Die Schritte in der PCR-Technik sind wie folgt:
- Es wird eine Mischung mit optimierten Konzentrationen von DNA-Matrize, Polymerase-Enzym, Primern und dNTPs erzeugt. Die Fähigkeit, das Gemisch zu erhitzen, ohne das Enzym zu denaturieren, ermöglicht die Denaturierung der Doppelhelix der DNA-Probe bei Temperaturen im Bereich von 94 Grad Celsius.
- Nach der Denaturierung wird die Probe auf einen moderateren Bereich von etwa 54 Grad abgekühlt, was das Annealing (Bindung) der Primer an die einzelsträngigen DNA-Matrizen erleichtert.
- Im dritten Schritt des Zyklus wird die Probe erneut auf 72 Grad erwärmt, die ideale Temperatur für die Taq-DNA-Polymerase für die Verlängerung. Während der Elongation verwendet DNA-Polymerase den ursprünglichen DNA-Einzelstrang als Matrize, um komplementäre dNTPs zu den 3'-Enden jedes Primers hinzuzufügen und einen Abschnitt doppelsträngiger DNA in der Region des Gens von Interesse zu erzeugen.
- Primer, die an DNA-Sequenzen angelagert wurden, die keine exakte Übereinstimmung aufweisen, bleiben nicht bei 72 Grad annealt, wodurch die Verlängerung auf das interessierende Gen beschränkt wird.
Dieser Prozess der Denaturierung, Annealing und Verlängerung wird mehrfach (30-40) wiederholt, wodurch die Anzahl der Kopien des gewünschten Gens in der Mischung exponentiell ansteigt. Obwohl dieser Prozess ziemlich mühsam wäre, wenn er manuell durchgeführt wird, können Proben in einem programmierbaren Thermocycler hergestellt und inkubiert werden, der in den meisten molekularen Laboratorien heute üblich ist, und eine vollständige PCR-Reaktion kann in 3-4 Stunden durchgeführt werden.
Jeder Denaturierungsschritt stoppt den Elongationsprozess des vorherigen Zyklus, wodurch der neue DNA-Strang abgeschnitten und auf ungefähr die Größe des gewünschten Gens gehalten wird.

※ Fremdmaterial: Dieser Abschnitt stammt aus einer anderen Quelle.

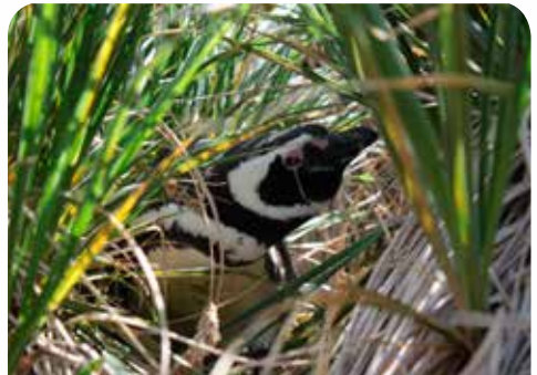
A Magellanic penguin peers through dense tussac.

Good native plant habitat – sunshine cliffs! Falklands woolly daisies as far as the eye can see at Shallow Harbour Farm. These brilliant yellow flowers are unique to the Falklands (MARLANE MARSH)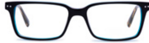
C2 - MIDNIGHT SAPPHIRE WHORW2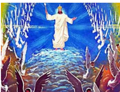
At the Second Coming of Jesus – Death will be conquered.

Some are concerned for those who have died in some terrible way, and the body has been mangled or eaten by wild animals, or some other tragic thing has happened. There is no need to be concerned. God promises in 1 Corinthians 15 to give us a new incorruptible body. We will not possess the same atoms of flesh we now have. In the meantime, God preserves our individual personality and character, then just as He created Adam, so He will re-create us – perfect – to live forever.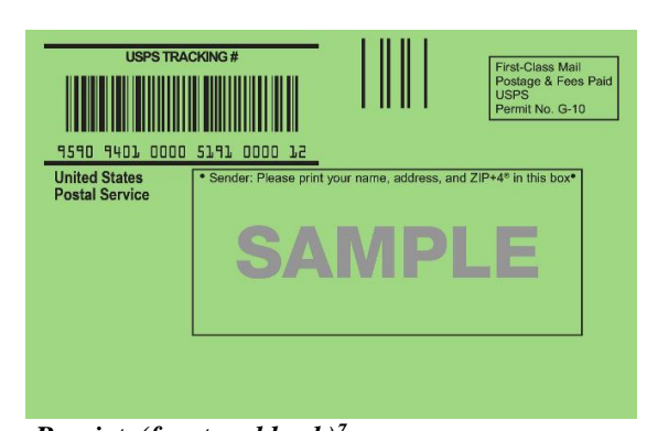
PS Form 3811, Domestic Return Receipt (front and back)<sup>7</sup>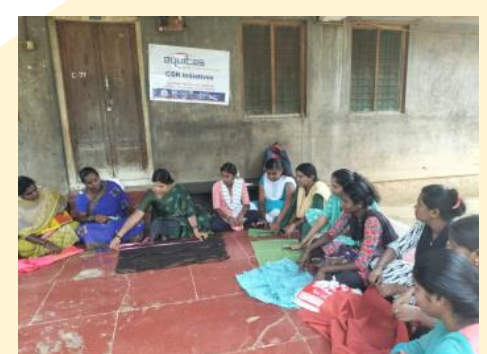
Blouse Cutting Training @ Mandya

Die Dauer des Elongationszyklus kann abhängig von der Größe des interessierenden Gens länger oder kürzer gemacht werden, aber schließlich wird die Mehrzahl der Matrizen durch wiederholte PCR-Zyklen auf die Größe des interessierenden Gens allein beschränkt wird aus Produkten beider Primer erzeugt.

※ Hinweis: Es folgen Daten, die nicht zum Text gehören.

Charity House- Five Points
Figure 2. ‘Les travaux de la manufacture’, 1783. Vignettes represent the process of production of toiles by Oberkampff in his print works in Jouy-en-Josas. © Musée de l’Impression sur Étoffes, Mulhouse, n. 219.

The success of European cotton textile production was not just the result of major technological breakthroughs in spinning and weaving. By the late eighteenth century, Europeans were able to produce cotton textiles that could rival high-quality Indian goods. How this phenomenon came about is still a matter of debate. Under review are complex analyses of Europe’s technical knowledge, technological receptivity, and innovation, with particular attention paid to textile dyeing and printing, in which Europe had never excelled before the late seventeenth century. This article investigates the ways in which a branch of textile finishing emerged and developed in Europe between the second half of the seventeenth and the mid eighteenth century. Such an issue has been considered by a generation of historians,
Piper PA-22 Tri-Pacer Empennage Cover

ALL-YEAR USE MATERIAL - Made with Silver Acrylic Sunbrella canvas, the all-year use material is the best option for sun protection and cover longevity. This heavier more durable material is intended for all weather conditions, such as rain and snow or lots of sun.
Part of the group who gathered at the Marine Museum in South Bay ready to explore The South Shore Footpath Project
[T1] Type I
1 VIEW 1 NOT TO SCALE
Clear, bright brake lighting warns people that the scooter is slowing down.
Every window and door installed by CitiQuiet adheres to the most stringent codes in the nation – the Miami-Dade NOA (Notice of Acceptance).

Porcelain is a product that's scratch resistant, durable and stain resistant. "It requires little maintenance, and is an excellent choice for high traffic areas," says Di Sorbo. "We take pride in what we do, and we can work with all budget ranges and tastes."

Es gibt mehrere verschiedene Faktoren für eine erfolgreiche PCR , die manipuliert werden können, um die Ergebnisse zu verbessern. Die am häufigsten verwendete Methode zum Testen auf das Vorhandensein von PCR-Produkten ist die Agarosegelelektrophorese . Welches verwendet wird, um DNA-Fragmente basierend auf Größe und Ladung zu trennen. Die Fragmente werden dann unter Verwendung von Farbstoffen oder Radioisotopen sichtbar gemacht.
Die Evolution
Seit der Entdeckung der PCR wurden andere DNA-Polymerasen als die ursprüngliche Taq entdeckt. Einige von diesen haben eine bessere "Korrekturlese" -Fähigkeit oder sind bei höheren Temperaturen stabiler, wodurch die Spezifität der PCR verbessert wird und Fehler durch das Einfügen des inkorrekten dNTPs verringert werden.
Einige PCR-Varianten wurden für spezifische Anwendungen entwickelt und werden nun regelmäßig in molekulargenetischen Labors verwendet. Einige davon sind Real-Time-PCR und Reverse-Transcriptase-PCR. Die Entdeckung der PCR hat auch zur Entwicklung von DNA-Sequenzierung, DNA-Fingerprinting und anderen molekularen Techniken geführt.